A decades-long forager and wildcrafter, from Portland to Arcata to San Francisco, he supplied many grocery stores, restaurants, & farmers’ markets with gourmet mushrooms.

In the last decade, medicinal mushrooms and plants such as reishi, chaga, and lion's mane have taken a focal point in his life for his healing process, so he started Old Growth Organics, as he continually refines and creates some of the cleanest and most potent medicinal mushroom and la’au lapa’au products around.  Find him at the farmers market just giving away the best Chaga Chai you have ever tried.

20-year master gardener, blue ribbon flower grower, with the knowledge to create diverse & specific compost teas.  Highly attuned to the Moon and Elementals, he used his visionary artist skills to channel a new Planetary Moon Calendar, amongst other agricultural inventions. Here in Hawai'i, he has spent time as a teacher and permaculture facilitator at the Hawaiian Sanctuary.

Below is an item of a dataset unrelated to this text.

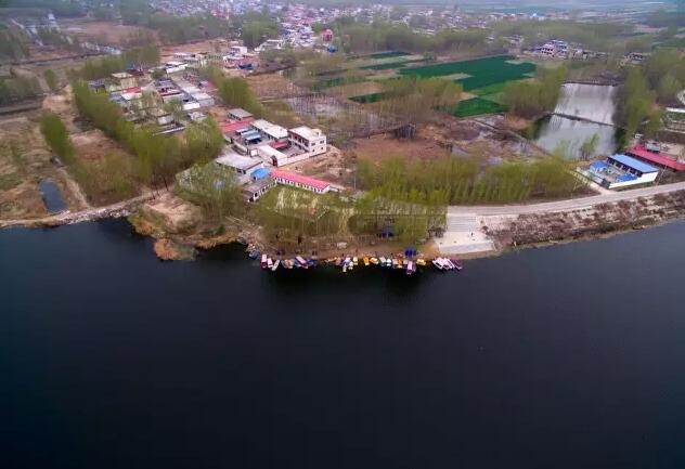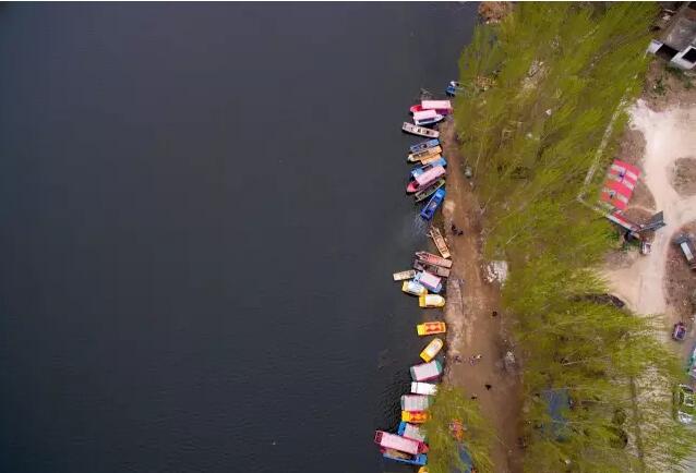 堤壩邊停放著數十艘小船,是岸邊村民的漁船,或是供游客下水游玩的小型游船。

Long-term volunteer of many issues of social justice, family and human rights, environmental rights, indigenous rights, food sovereignty, and community solidarity- here to continue the mission of bringing health & happiness to the world – starting with the Ohana gathered here.

Only eight years here in Puna so far, but here to stay, the love of Malama Aina has touched the core of his being, along with the Spirit of Aloha.  600 coconut trees deep, he prefers to spend his free time planting food forests for the future.